#### Problem description:
Reproduce all of the records exactly.

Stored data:
+--

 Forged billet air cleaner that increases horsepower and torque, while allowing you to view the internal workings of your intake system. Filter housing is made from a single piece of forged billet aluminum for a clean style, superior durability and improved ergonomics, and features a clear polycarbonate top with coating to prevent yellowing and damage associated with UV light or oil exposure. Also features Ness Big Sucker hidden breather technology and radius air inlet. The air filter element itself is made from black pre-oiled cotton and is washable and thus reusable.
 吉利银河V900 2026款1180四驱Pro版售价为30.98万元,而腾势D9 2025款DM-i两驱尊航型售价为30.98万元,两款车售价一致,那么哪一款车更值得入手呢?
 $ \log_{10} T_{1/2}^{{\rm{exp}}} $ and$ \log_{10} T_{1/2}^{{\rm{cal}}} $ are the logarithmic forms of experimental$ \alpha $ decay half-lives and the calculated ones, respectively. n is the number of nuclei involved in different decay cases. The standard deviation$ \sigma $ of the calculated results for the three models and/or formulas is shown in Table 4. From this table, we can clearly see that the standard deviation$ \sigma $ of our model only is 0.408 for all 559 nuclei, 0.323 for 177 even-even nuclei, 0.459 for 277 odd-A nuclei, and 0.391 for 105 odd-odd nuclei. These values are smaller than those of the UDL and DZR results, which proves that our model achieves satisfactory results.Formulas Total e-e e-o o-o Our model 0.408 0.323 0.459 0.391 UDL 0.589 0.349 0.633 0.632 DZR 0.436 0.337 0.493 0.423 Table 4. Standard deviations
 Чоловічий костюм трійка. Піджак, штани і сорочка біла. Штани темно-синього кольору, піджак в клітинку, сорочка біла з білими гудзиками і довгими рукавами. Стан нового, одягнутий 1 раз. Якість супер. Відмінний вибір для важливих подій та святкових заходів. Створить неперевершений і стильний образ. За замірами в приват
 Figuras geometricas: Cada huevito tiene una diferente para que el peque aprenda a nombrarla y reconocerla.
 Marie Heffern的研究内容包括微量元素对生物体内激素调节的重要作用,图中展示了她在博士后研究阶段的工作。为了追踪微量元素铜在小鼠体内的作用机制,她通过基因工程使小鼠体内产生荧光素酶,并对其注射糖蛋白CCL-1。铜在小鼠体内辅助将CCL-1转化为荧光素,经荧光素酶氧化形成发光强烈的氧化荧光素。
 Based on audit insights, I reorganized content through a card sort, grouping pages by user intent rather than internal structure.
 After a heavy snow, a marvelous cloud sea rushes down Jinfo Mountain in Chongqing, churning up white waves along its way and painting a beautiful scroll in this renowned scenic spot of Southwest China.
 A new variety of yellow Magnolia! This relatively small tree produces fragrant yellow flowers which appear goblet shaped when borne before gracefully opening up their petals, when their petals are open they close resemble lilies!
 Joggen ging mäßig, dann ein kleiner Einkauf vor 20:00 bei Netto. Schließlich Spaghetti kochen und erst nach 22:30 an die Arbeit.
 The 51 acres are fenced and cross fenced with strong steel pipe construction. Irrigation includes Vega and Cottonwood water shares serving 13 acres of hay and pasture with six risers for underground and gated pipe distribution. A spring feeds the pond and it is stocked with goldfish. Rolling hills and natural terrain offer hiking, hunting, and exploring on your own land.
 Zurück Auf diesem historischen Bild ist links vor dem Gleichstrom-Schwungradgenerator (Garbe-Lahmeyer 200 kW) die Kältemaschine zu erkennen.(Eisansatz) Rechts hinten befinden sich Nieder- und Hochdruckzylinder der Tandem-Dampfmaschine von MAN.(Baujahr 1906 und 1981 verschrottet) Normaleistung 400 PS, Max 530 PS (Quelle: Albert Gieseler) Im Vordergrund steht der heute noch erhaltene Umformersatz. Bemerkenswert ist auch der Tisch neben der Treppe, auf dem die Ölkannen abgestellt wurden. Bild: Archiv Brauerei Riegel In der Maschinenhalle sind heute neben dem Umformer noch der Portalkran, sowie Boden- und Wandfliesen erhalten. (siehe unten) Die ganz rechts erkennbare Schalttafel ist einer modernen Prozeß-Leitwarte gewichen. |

+--

#### Output of the exercise:
 Forged billet air cleaner that increases horsepower and torque, while allowing you to view the internal workings of your intake system. Filter housing is made from a single piece of forged billet aluminum for a clean style, superior durability and improved ergonomics, and features a clear polycarbonate top with coating to prevent yellowing and damage associated with UV light or oil exposure. Also features Ness Big Sucker hidden breather technology and radius air inlet. The air filter element itself is made from black pre-oiled cotton and is washable and thus reusable.
 吉利银河V900 2026款1180四驱Pro版售价为30.98万元,而腾势D9 2025款DM-i两驱尊航型售价为30.98万元,两款车售价一致,那么哪一款车更值得入手呢?
 $ \log_{10} T_{1/2}^{{\rm{exp}}} $ and$ \log_{10} T_{1/2}^{{\rm{cal}}} $ are the logarithmic forms of experimental$ \alpha $ decay half-lives and the calculated ones, respectively. n is the number of nuclei involved in different decay cases. The standard deviation$ \sigma $ of the calculated results for the three models and/or formulas is shown in Table 4. From this table, we can clearly see that the standard deviation$ \sigma $ of our model only is 0.408 for all 559 nuclei, 0.323 for 177 even-even nuclei, 0.459 for 277 odd-A nuclei, and 0.391 for 105 odd-odd nuclei. These values are smaller than those of the UDL and DZR results, which proves that our model achieves satisfactory results.Formulas Total e-e e-o o-o Our model 0.408 0.323 0.459 0.391 UDL 0.589 0.349 0.633 0.632 DZR 0.436 0.337 0.493 0.423 Table 4. Standard deviations
 Чоловічий костюм трійка. Піджак, штани і сорочка біла. Штани темно-синього кольору, піджак в клітинку, сорочка біла з білими гудзиками і довгими рукавами. Стан нового, одягнутий 1 раз. Якість супер. Відмінний вибір для важливих подій та святкових заходів. Створить неперевершений і стильний образ. За замірами в приват
 Figuras geometricas: Cada huevito tiene una diferente para que el peque aprenda a nombrarla y reconocerla.
 Marie Heffern的研究内容包括微量元素对生物体内激素调节的重要作用,图中展示了她在博士后研究阶段的工作。为了追踪微量元素铜在小鼠体内的作用机制,她通过基因工程使小鼠体内产生荧光素酶,并对其注射糖蛋白CCL-1。铜在小鼠体内辅助将CCL-1转化为荧光素,经荧光素酶氧化形成发光强烈的氧化荧光素。
 Based on audit insights, I reorganized content through a card sort, grouping pages by user intent rather than internal structure.
 After a heavy snow, a marvelous cloud sea rushes down Jinfo Mountain in Chongqing, churning up white waves along its way and painting a beautiful scroll in this renowned scenic spot of Southwest China.
 A new variety of yellow Magnolia! This relatively small tree produces fragrant yellow flowers which appear goblet shaped when borne before gracefully opening up their petals, when their petals are open they close resemble lilies!
 Joggen ging mäßig, dann ein kleiner Einkauf vor 20:00 bei Netto. Schließlich Spaghetti kochen und erst nach 22:30 an die Arbeit.
 The 51 acres are fenced and cross fenced with strong steel pipe construction. Irrigation includes Vega and Cottonwood water shares serving 13 acres of hay and pasture with six risers for underground and gated pipe distribution. A spring feeds the pond and it is stocked with goldfish. Rolling hills and natural terrain offer hiking, hunting, and exploring on your own land.
 Zurück Auf diesem historischen Bild ist links vor dem Gleichstrom-Schwungradgenerator (Garbe-Lahmeyer 200 kW) die Kältemaschine zu erkennen.(Eisansatz) Rechts hinten befinden sich Nieder- und Hochdruckzylinder der Tandem-Dampfmaschine von MAN.(Baujahr 1906 und 1981 verschrottet) Normaleistung 400 PS, Max 530 PS (Quelle: Albert Gieseler) Im Vordergrund steht der heute noch erhaltene Umformersatz. Bemerkenswert ist auch der Tisch neben der Treppe, auf dem die Ölkannen abgestellt wurden. Bild: Archiv Brauerei Riegel In der Maschinenhalle sind heute neben dem Umformer noch der Portalkran, sowie Boden- und Wandfliesen erhalten. (siehe unten) Die ganz rechts erkennbare Schalttafel ist einer modernen Prozeß-Leitwarte gewichen. |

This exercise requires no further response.